Reading The Big Short leaves the impression that nothing coming out of Wall Street should be trusted. Firms like Goldman Sachs were selling their investors investments in subprime mortgages while at the same time shorting them in the belief that the values would plunge. Investment banks were creating pools of subprime mortgages and Collateral Debt Obligations in an apparent reckless manner because the rating agencies were willing to give these securities a high rating. And, the rating agencies were acting irresponsibly in both the manner of investigating the securities and issuing ratings because they were earning substantial profits by providing the ratings. What is astounding is the fact that relatively few people in the investment banks appeared to recognize the level of risk being foisted on the investors through this process. Obviously, the investors were all fools in permitting themselves to be duped by the ratings rather than questioning the composition of the securities they were buying. But that is hindsight. However, the investment bankers should have known better and should have applied the brakes very early on. Why didn’t they? It would seem that the reason was strictly attributable to the tremendous profits they were making from the activity. Despite the big losses suffered by investors and others who held the paper sold by the Wall Street firms, the movers and shakers got their bonuses and continue to get bonuses. The former CEO of Citicorp said in testimony before congress that they continued with the activity because to have discontinued it might have cost market share and/or the loss of key employees. So, is the Wall Street message one of engaging in a foolish activity just because it is so rewarding to some employees or because it raises market share?

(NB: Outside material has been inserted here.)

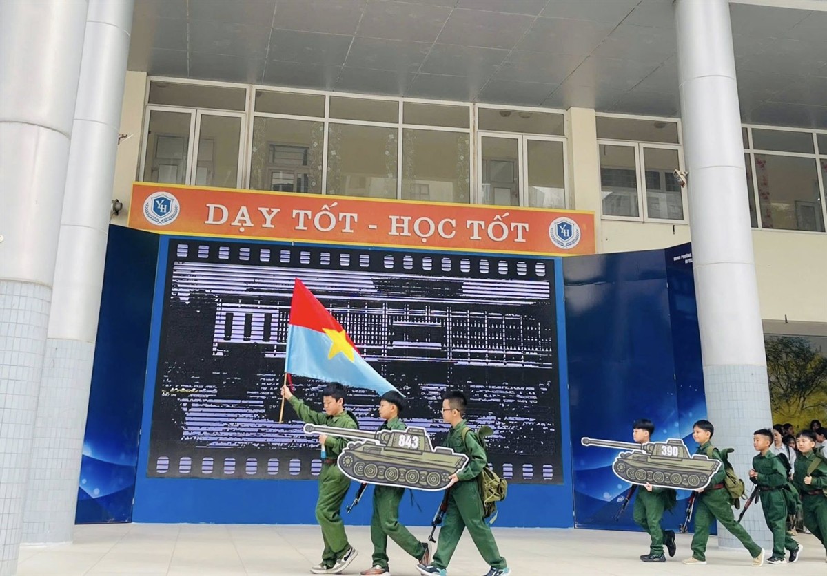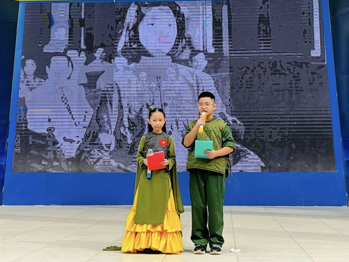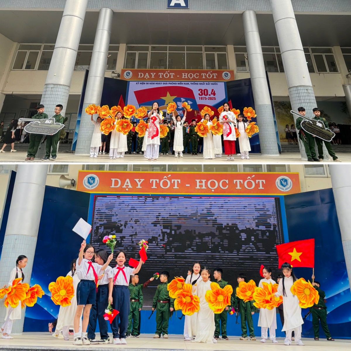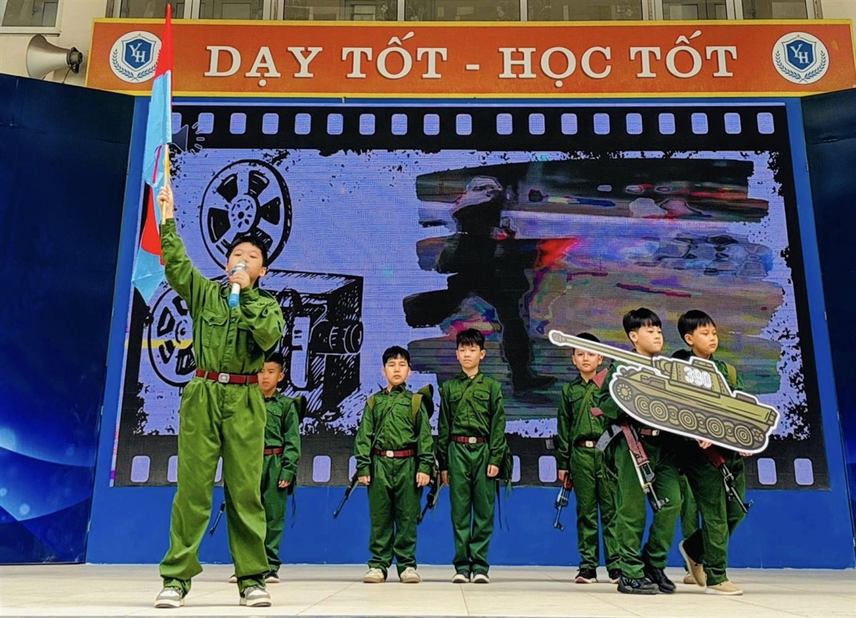 Tiết mục kể chuyện theo sách “Đại thắng mùa xuân” do học sinh khối 3 và 5 thể hiện – sân khấu hóa đầy hào hùng về cuộc Tổng tiến công và nổi dậy năm 1975.

Whether or not there was fraud or conspiracy involved in the subprime debacle remains for the regulators and courts to determine. Regardless of the outcome of investigations, the plain fact is that the greed of Wall Street almost caused a total collapse of the U S financial system and systems worldwide. What is curious is the fact that amid continued cries for fewer regulations, the Citicorp executives that testified before congress were quick to point the finger of blame at the regulators for their failure to see the crisis coming and stop the activity causing the crisis.

Stockholders should be completely skeptical of any notion that Wall Street or public companies will regulate or police themselves. That notion defies logic and lacks rational thinking. The motivation of greed can be counted on to take over behavior, particularly when it is other people’s money they are betting with. Sadly, all of the traders who contributed to the subprime mess earned big money and monstrous bonuses whether they were ultimately fired or kept their jobs. Only the investors and the public at large paid the price of their folly.


A press release announced that the New York attorney General had filed civil fraud charges against Ken Lewis and Joseph Price of the Bank of America in connection with the failure to disclose Merrill losses before the shareholder vote to acquire Merrill. Whether this suit will go anywhere or not remains to be seen. Still pending are the approval of a Bank of America settlement of $150 million with the SEC arising out of the same issue. Unfortunately, if the settlement is approved, there is no indication that any part of the $150 million will accrue to the benefit of the shareholders. It would appear that the SEC will get the money. Instead, the Bank of America will pay the fine with shareholder money. But, it was the shareholders and not the SEC who were injured by the failure to disclose. Something is wrong with this picture. The judge should probably not approve the settlement unless it is clear that the money would be paid to the shareholders directly and not to the SEC. The Bank does not pay fines. They come out of shareholder funds. To penalize the shareholders for the banks failure to disclose would clearly be unfair. On he other hand, if Ken Lewis and/or Joseph Price knew about the losses, decided not to disclose them, and were found guilty or wrongdoing, then any penalty applied to them personally would go some distance to right the wrong from the shareholder viewpoint.,

SEC VS. B of A

The SEC just announced that it will be seeking to file another lawsuit against Bank of America, with regard to the Merrill acqujisition, for failure to properly disclose information to shareholders. But, they also stated that the suit would not name any executives, directors or attorneys of the Bank of America because they had no evidence that these knowingly withheld information.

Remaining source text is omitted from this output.